1963, East Germany, 59 minutes, color
Director: Gottfried Kolditz
Screenplay: GŁnter Kaltofen, Gottfried Kolditz
Director of Photography: Erich Gusko
Music: Joachim Dietrich Link
Actors: Mathilde Danegger (Mrs. Holle), Karin Ugowski (Goldmarie), Katharina Lind (Pechmarie), Elfriede Florin (Widow)
Based on the tale by the Brothers Grimm
VHS-PAL, no subtitles
- renting information

Synopsis:

The widow has an ugly and lazy daughter, Pechmarie, and a beautiful and hard-working step-daughter, Goldmarie.  Because Pechmarie is her real daughter, the widow clearly favors her and makes Goldmarie do all the work.  Poor Goldmarie must also sit and spin all day by the well until her fingers bleed.  When she tries to rinse out the spindel, it drops into the cold water.  Her unsympathetic step-mother tells her to jump in after it.  Goldmarie does as she is told, and then wakes up in the middle of a beautiful field of flowers.  This is the land of Frau Holle, who welcomes Goldmarie and invites her to stay, as long as she will help with the housework.  Marie stays and serves Frau Holle gladly, until she suffers so terribly from homesickness that she asks to go home. Before bringing her back, Frau Holle rewards Marie with a shower of gold. 
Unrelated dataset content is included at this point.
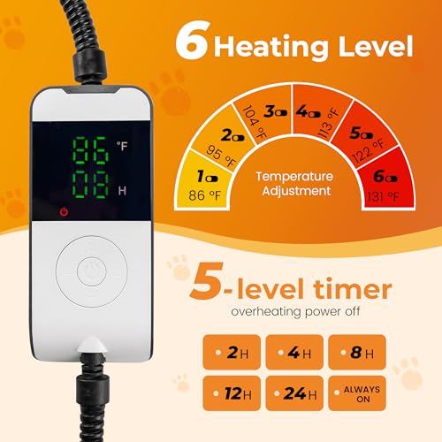 Safety & Quality Cord: Priority is your pet’s safety. Our animal heating pad boasts UL-certified PVC heating wires and a thermostat, ensuring robust overheat protection for pets’ safety. The 2-meter power cord includes a metal anti-bite tube and is wrapped in waterproof, flame-retardant PVC, blending style with functionality for long-lasting use.
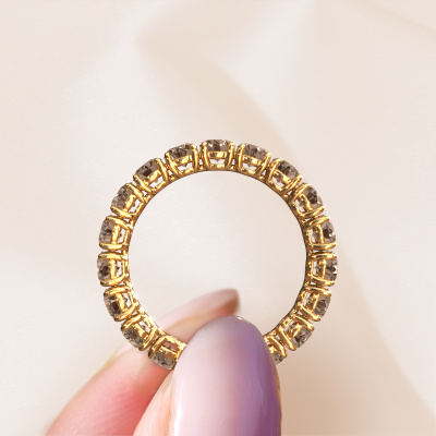 This is our Vivienne 3.4 ring. This specific type is called an eternity ring and it is set with a continuous line of identically cut gemstones. The ring is made in 14 Carat gold and is set with small brown diamonds, 2.700 crt. The amazing brown diamonds are identical in size and are set in the ring band. Our brown diamonds are selected with great care so they are identical, which gives the best result. In order to get the best result, our artisans position all brown diamonds by hand with the utmost care. Our Goldsmiths have one ambition, which is creating the perfect ring. That is why we love what we do. In the end you get a stunning classic gold stackable ring with a row of brown diamonds which seem to have no beginning nor end. The perfect symbol of your undying love for her! How special is that!Are you on a budget? Please feel free to contact us, so we can go discuss your options. We offer our rings at guaranteed best price, because we make them to order. You won't find such a price anywhere else!Our team of talented, passionate designers add new ring designs to our online collection daily. Our objective in doing so, is to be able to offer you a wide variety of jewels. Please feel free to request a quote if you have specific wishes for your ring. We guarantee to make you an offer you can't refuse.To make it easier for you, we offer a 30 day return policy. Check our terms and conditions.

Upon her return, Goldmarie and her gold are welcomed by her greedy step-sister and -mother.  Hoping for the same kind of reward, the step-mother sends Pechmarie to find Frau Holle.  Unfortunately, Pechmarie is lazy and doesn't want to work for Frau Holle, despite the thought of her gold reward.  After three days, Frau Holle has enough of her, and sends her back home.  Rather than gold, Pechmarie is showed with tar, which she can never wash off.
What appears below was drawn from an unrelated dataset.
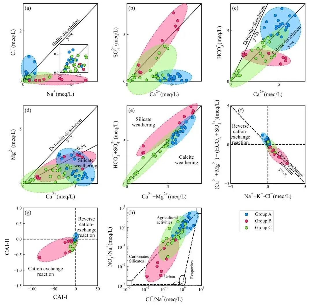 图4 离子比例图(a)Cl− vs. Na+,(b)SO42− vs. Ca2+,(c)HCO3− vs. Ca2+,(d)Mg2+ vs. Ca2,(e)HCO3−+SO42− vs. Ca2++Mg2+(f)(Ca2++Mg2+)–(HCO3−+SO42−)vs. Na++K++Cl−,(g)CAI−II vs CAI−I,(h)NO3−/Na+ vs. Cl−/Na+
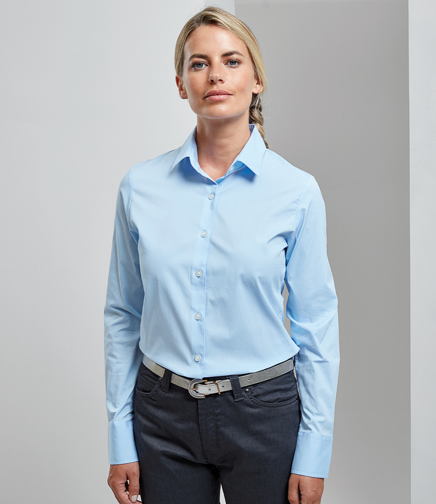 Premier Ladies Long Sleeve Stretch Fit Poplin Shirt

The sparse but colorful set makes this film more like a fairy tale than do the more complicated special effects of the 1980's fairy tale films;  the opening credits, printed on the pages of a picture book, intensify the reference.  Indeed, much of the set seems to be made of paper and paper mache!  While the visual effects and songs draw in the younger viewers, the focus on every-day activities, as well as Marie's industriousness, make clear the lesson to learn.  Cheerfully received by critics, and presumably most popular with the youngest viewers, this version of Frau Holle is a colorful and loyal interpretation of the Grimms' original.